While mitochondrial fission was increased, and mitochondria were not properly distributed into the neurites of differentiating cortical neurons lacking SOD2, our data suggest that there was no significant effect of SOD2 deficiency on total mitochondrial mass. Thus, levels of the mitochondrial voltage-dependent anion-selective channels (VDAC) are not altered in SOD2−/− neurons compared with that of SOD2+/− or SOD+/+ neurons during the first 3 days in culture (Fig. 2b). There was also no significant effect of SOD2 deficiency on the fluorescence intensity of Mitotracker Green per neuron (data not shown). We did find that cellular ATP levels were reduced in SOD2−/− neurons suggesting impaired mitochondrial function.

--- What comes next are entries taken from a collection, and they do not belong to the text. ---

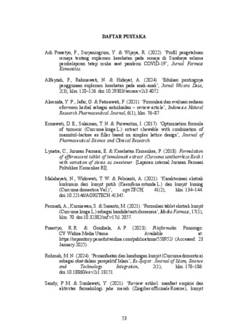 Kunyit (Curcuma longa L.) merupakan tanaman obat yang mengandung kurkumin dengan aktivitas antioksidan, antiinflamasi, antibakteri, dan imunomodulator. Namun, efektivitas terapeutiknya terbatas akibat kelarutan air yang rendah dan bioavailabilitas yang buruk karena metabolisme lintas pertama di hati. Untuk mengatasi hal ini, dikembangkan sediaan tablet hisap (troches) yang memungkinkan penyerapan langsung melalui mukosa mulut. Penelitian ini bertujuan mengembangkan dan mengevaluasi formulasi tablet hisap berbasis ekstrak etanol kunyit dan asam askorbat, dengan lima variasi rasio mannitol-laktosa sebagai bahan pengisi.
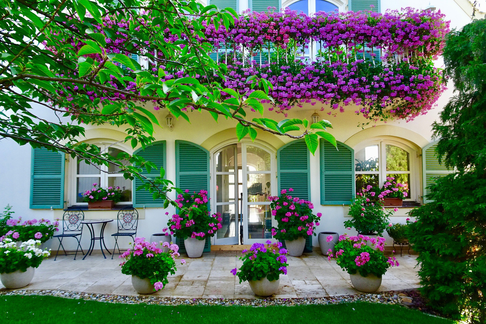 Để ban công và vườn nhà có hoa nở từ mùa xuân tới cuối thu, chị thường cố gắng trồng nhiều loại hoa và cây. Vườn của chị đẹp nhất vào thời điểm từ cuối xuân đến hết mùa hè. Hoa phong lữ thảo nở rực rỡ trên ban công nhà chị là loài hoa một vụ, nở liên tục từ mùa xuân cho tới khi tuyết rơi thì hoa tàn.
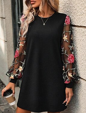 Mujer Mini vestido Vestido informal Vestido estilo camiseta Vestido Estampado Moderno Diario Exterior Vacaciones Ajuste regular Floral Manga Larga Cuello Barco Azul Piscina Negro Albaricoque Verano
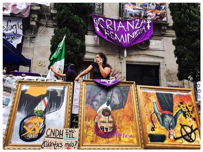 Ante la creciente violencia contra las mujeres en México y la inoperancia de los órganos de justicia, las instalaciones de la Comisión Nacional de Derechos Humanos fueron tomadas por familiares y cíctimas de la violencia y mujeres feministas.
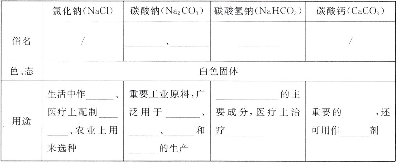 2. 常见的盐的物理性质及用途。
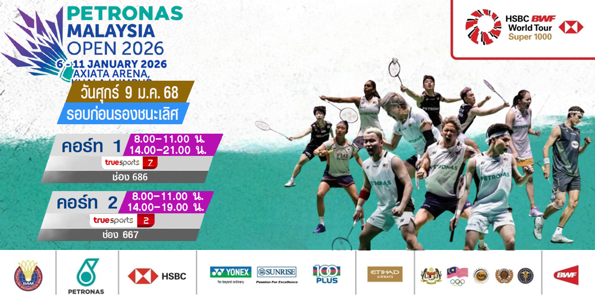 เชียร์สด ! แบดมินตัน PETRONAS Malaysia Open 2026 : รอบก่อนรองชนะเลิศ (9 ม.ค. 69) (คู่แรก 8.00 น.)
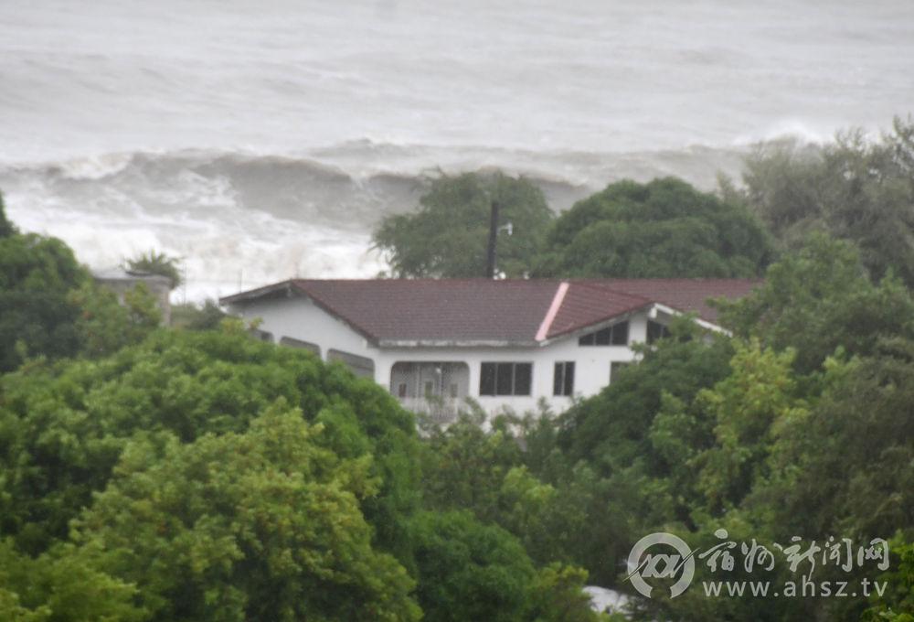 ↑10月28日,在牙买加圣托马斯,巨浪逼近一处房屋。新华社发(牙买加观察家报供图)
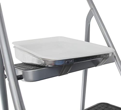 - DESIGN- This metal paint tray bundle pack is reusable, And special designed to ease painting, The plastic paint tray liners that comes with it will make it much easier to clean when done painting. The metal tray has a sturdy ribbed roll off area for even loading. It is designed with toggled legs for ladder support that will make your painting job much easier. The paint tray works with all paint tools such as paint rollers, paint brush, etc. Paint tray that will save you time, money and effort.
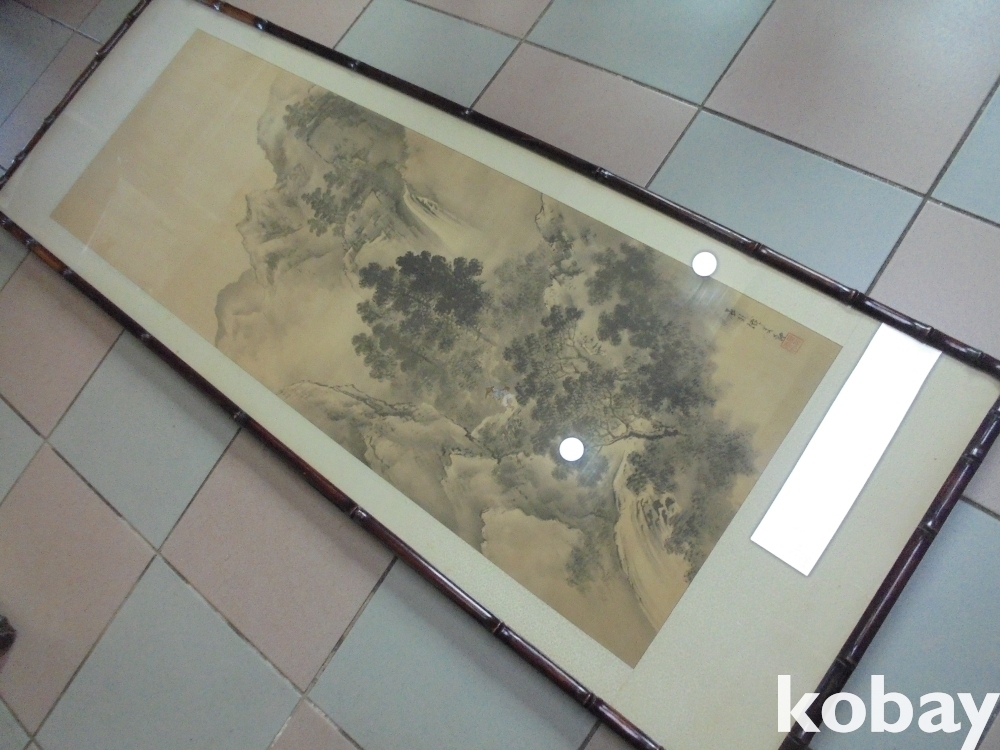 오래된 깊고 높은 폭포수에 낚시대메고가는 강태공 작가명알수없는 영적인 대형산수화 죽절액자
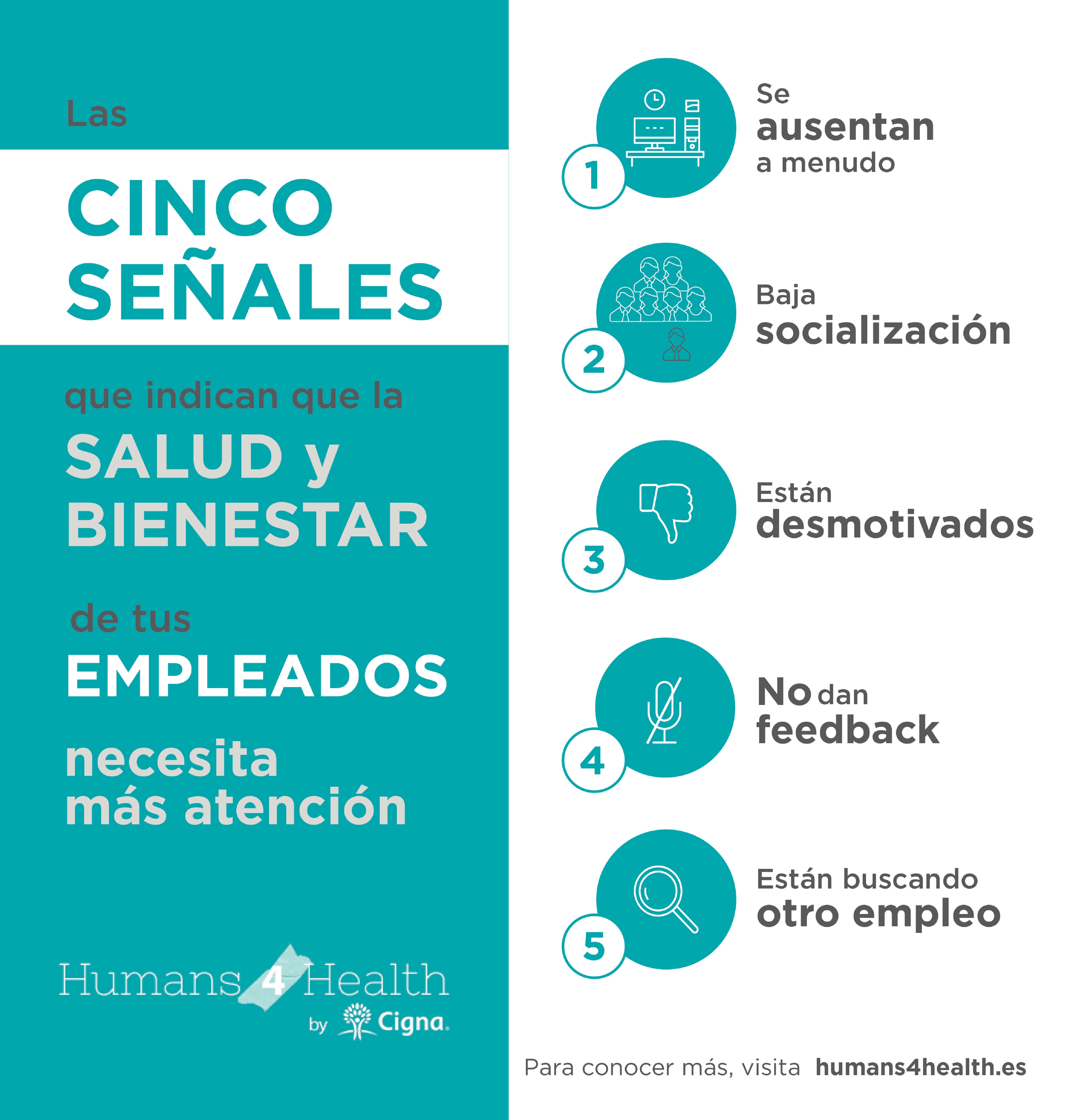 La compañía ha detectado 5 señales de alerta para detectar que la plantilla necesita más atención a su salud: ausencias reiteradas, baja socialización, trabajo en mínimos y con errores, falta de feedback con la dirección y alta rotación en la empresa.

Moreover, compared to control wild type neurons, neurons lacking SOD2 or wild type neurons treated with the mitochondrial ATPase inhibitor oligomycin exhibited an impaired recovery of [Ca2+]cyt when exposed to the mitochondrial uncoupling agent FCCP, indicating a key role for SOD2 in neuronal Ca2+ regulation. Thus impaired mitochondrial Ca2+ handling was associated with a significant basal [Ca2+]cyt elevation in SOD2−/− neurons which occurred as early as two days in cultures. Furthermore, we found that the phosphorylation of Drp-1 on Ser 637 was strongly influenced by the [Ca2+]cyt, being decreased in response to glutamate, and in SOD2 deficient neurons with elevated [Ca2+]cyt. The abnormal suppression pDrp1 (Ser 637) in SOD2−/− neurons would break the equilibrium of mitochondrial fission and fusion, the dynamic properties which are important for functional output of mitochondria as the powerhouse of the cells [38]. Finally, we found that treatment of embryonic cortical neurons with the Ca2+ chelator BAPTA-AM prevented Drp-1 dephosphorylation in SOD2−/− neurons and in glutamate treated SOD2+/+ neurons. BAPTA-AM treatment also prevented mitochondrial fission, and enabled neurite outgrowth and distribution of mitochondria into the growing neurites in SOD2−/− neurons. These findings suggest that SOD2 is critical for the regulation of [Ca2+]cyt, which, in turn, is necessary for the maintenance of a normal balance of mitochondrial fission and fusion and for the normal distribution of mitochondria in growing neurites (Fig. 8).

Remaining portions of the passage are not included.